Expected Return = sum( w1 * E(R1) + w2 * E(R2))

Standard Deviation:

= sqrt ( w₁²σ₁² + w₂²σ₂² + 2w₁w₂p_(1,2)σ₁σ₂)

w_{1 =} 0.75

w_{2 =} 0.25

σ_{1 =} 0.04

σ_{2 =} 0.06

p_{(1,2) =} 0.70

Applying the values,

= sqrt ( 0.75² * 0.04² + 0.25² * 0.06² + 2 * 0.75 * 0.25 * 0.04*0.06*0.70)

= sqrt( 0.5625 * 0.0016 + 0.0625 * 0.0036 + 0.00063 )

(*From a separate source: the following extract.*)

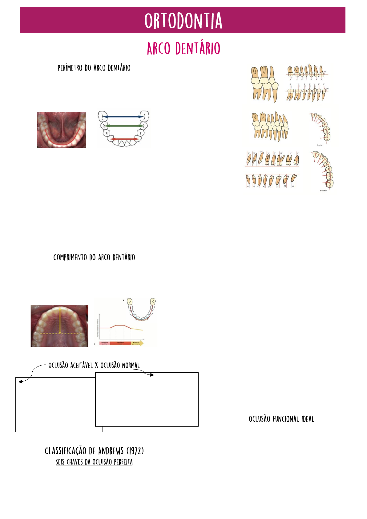 Se estende da mesial do primeiro molar permanente de um lado à mesial do primeiro molar do lado oposto, passando pelos sulcos dos pré-molares e cúspides dos caninos e incisivos como referência. Distância intercaninos (linha vermelha) Distância interpré-molares (linha verde) Distância intermolares (linha azul) * A distância intercaninos tendem a aumentar até os 8-9 anos de idade, depois só aumenta do segundo molar ao terceiro; * O perímetro do arco inferior diminui em média 5mm, isso ocorre devido ao: - Deslocamento mesial tardio dos molares; - Componente anterior de força; - Desgastes interproximais dos dentes; - Posicionamento lingual dos incisivos inferiores. Consiste na dimensão anteroposterior do arco, estendendo-se da palatina do incisivo central, passando pela rafe palatina até encontrar a linha imaginária que passa pela mesial dos primeiros molares. 1. Relação dos molares: a superfície distal da crista marginal do primeiro molar superior contacta e oclui com a superfície mesial do segundo molar inferior * A cúspide mesiovestibular do primeiro molar superior oclui dentro do sulco entre a cúspide mesiovestibular e a mediana do primeiro molar inferior. * A cúspide mesiopalatina do primeiro molar superior adapta-se a fossa central do primeiro molar inferior. 2. Angulação da Coroa: para ter a chave 1, precisa ter a 2 também. A porção cervical do longo eixo de cada coroa encontra-se distalmente a porção oclusal (mésio/distal). 3. Inclinação da Coroa: a porção cervical do longo eixo dos incisivos superiores encontra-se lingualmente a superfície incisal, aumentando a inclinação lingual progressivamente na região posterior. (vestíbulo/lingual). • IS - Positiva (levemente inclinado para vestibular) • II - Levemente negativa (levemente inclinado para lingual) • C, PM e M – negativa 4. Rotações: não deve haver rotações. 5. Contatos interproximais: não deve haver diastemas, contatos interproximais devem estar justos. 6. Curva de Spee: ausência ou suavidade, apresentar- se plana. • Oclusão mutuamente protegida • Oclusão em relação cêntrica • Presença de guia de desoclusão anterior • Ausência de contatos prematuros e interferências oclusais • Guia de desoclusão lateral feita pelos caninos Má oclusão (70% da população) • Mastigação satisfatória; • Dicção razoável; • Autoclise; • Saúde periodontal; • Estética aceitável. (27% da população) • 28 dentes corretamente ordenados no arco, em harmonia com todas as forças estáticas e dinâmicas; • Oclusão estável, saudável; • Bom perfil facial. (3% da população) Os primeiros molares apresentam-se em oclusão normal. É importante que não se confunda classe I com a normoclusão, os pacientes classe I frequentemente apresentam um perfil facial harmonioso. Molares em oclusão, porém os anteriores podem estar desalinhados. O sulco mesiovestibular do primeiro molar inferior encontra- se distalizado em relação a cúspide mesiovestibular do primeiro molar inferior, esses pacientes frequentemente apresentam um perfil convexo. Possui duas divisões e subdivisões • incisivos superiores apresentam-se inclinados para vestibular, trespasse horizontal acentuado. • incisivos centrais superiores encontram-se verticalizados ou lingualizados e os incisivos laterais superiores encontram-se vestibularizados. Não tem trespasse horizontal. • : pode ser de Subdivisão direita (quando a Classe II está presente somente do lado direito) ou Subdivisão esquerda (quando a Classe II está presente somente do lado esquerdo). Pode ocorrer desvio da linha média. Os dentes inferiores ocluem em uma relação mesial em relação aos superiores. O sulco mesiovestibular do primeiro molar inferior encontra-se mesializado em relação à cúspide mesiovestibular do primeiro molar superior. Classificou as maloclusões de acordo com as posições individuais dentárias • Vestibuloversão: vestibularizado a posição normal, em direção ao lábio ou a bochecha. • Linguoversão: lingualizado a posição normal. • Mesioversão: mesializado a posição normal. • Distoversão: distalizado a posição normal. • Transversão: alteração de posição, transposição. • Infraversão: aquém da linha de oclusão. • Supraversão: além da linha de oclusão. • Giroversão: rotado sobre seu longo eixo. • Axioversão: alteração da inclinação do dente em relação ao seu longo eixo. • Perversão: dente encontra-se impactado, geralmente por falta de espaço. Dividiu as maloclusões relacionando os arcos dentários com três planos anatômicos. (plano orbitário, plano sagital e plano de Frankfurt) • Protração: arco dentário localizado mais para anterior em relação ao plano orbitário. • Retração: arco dentário localizado mais para posterior em relação ao plano orbitário. • Contração: arco dentário se aproxima do plano sagital. • Distração: arco dentário se afasta do plano sagital. • Atração: arco dentário se aproxima do plano de Frankfurt (face curta). • Abstração: arco dentário se afasta do plano de Frankfurt (face longa). Padrões subjetivos na análise facial face equilibrada, sem examiná-lo clinicamente. degrau sagital aumentado entre maxila e mandíbula. Protrusão maxilar ou deficiência mandibular (classe II dentária) degrau sagital maxilomandibular diminuído. Retrusao maxilar ou prognatismo mandibular. Nem sempre apresenta classe III. excesso do terço inferior da face, torna o selamento labial impossível. deficiência vertical do terço inferior da face, torna o selamento labial compressivo. alteração em magnitude, ou seja, aumento da massa (mudança quantitativa). progresso no sentido da maturidade das funções, englobando a diferenciação progressiva em níveis celulares e teciduais (mudança quantitativa e qualitativa). • A partir de uma condensação do tecido conjuntivo membranoso, se forma a partir de

=sqrt( 0.0009 + 0.000225 + 0.00063)

=sqrt (0.001755)

=0.042

= 4.2%

Option 2:

w1 = 0.50

w2 = 0.50

E(R1) =0.12

E(R2) = 0.16

Expected Return = sum( w1 * E(R1) + w2 * E(R2))

Standard Deviation:

= sqrt ( w₁²σ₁² + w₂²σ₂² + 2w₁w₂p_(1,2)σ₁σ₂)

w_{1 =} 0.50

w_{2 =} 0.50

σ_{1 =} 0.04

σ_{2 =} 0.06

p_{(1,2) =} 0.70

Applying the values,

= sqrt ( 0.50² * 0.04² + 0.50² * 0.06² + 2 * 0.50 * 0.50 * 0.04*0.06*0.70)

= sqrt (0.00214)

= 0.0463

= 4.63%

Option 3:

Expected return:

w1 = 0.25

w2 = 0.75

E(R1) =0.12

E(R2) = 0.16

Expected Return = sum( w1 * E(R1) + w2 * E(R2))

Standard Deviation:

= sqrt ( w₁²σ₁² + w₂²σ₂² + 2w₁w₂p_(1,2)σ₁σ₂)

w_{1 =} 0.25

w_{2 =} 0.75

σ_{1 =} 0.04

σ_{2 =} 0.06

p_{(1,2) =} 0.70

Applying the values,

= sqrt ( 0.25² * 0.04² + 0.75² * 0.06² + 2 * 0.25 * 0.75 * 0.04*0.06*0.70)

= sqrt( 0.002755)

= 0.052

= 5.2%

Mr. Brown's choice can be determined using the mean variance theory. For a desired rate of return, Mr Brown may choose the option with the least risk, ie, lower standard deviation. Higher the risk , Higher the returns. Thus if Mr Brown is willing to assume more risk , he can choose Option 3 which gives a higher expected return of 15% . But if he wants to obtain returns with minimal risk, Mr. Brown may opt for Option 1 which gives a return of 13%.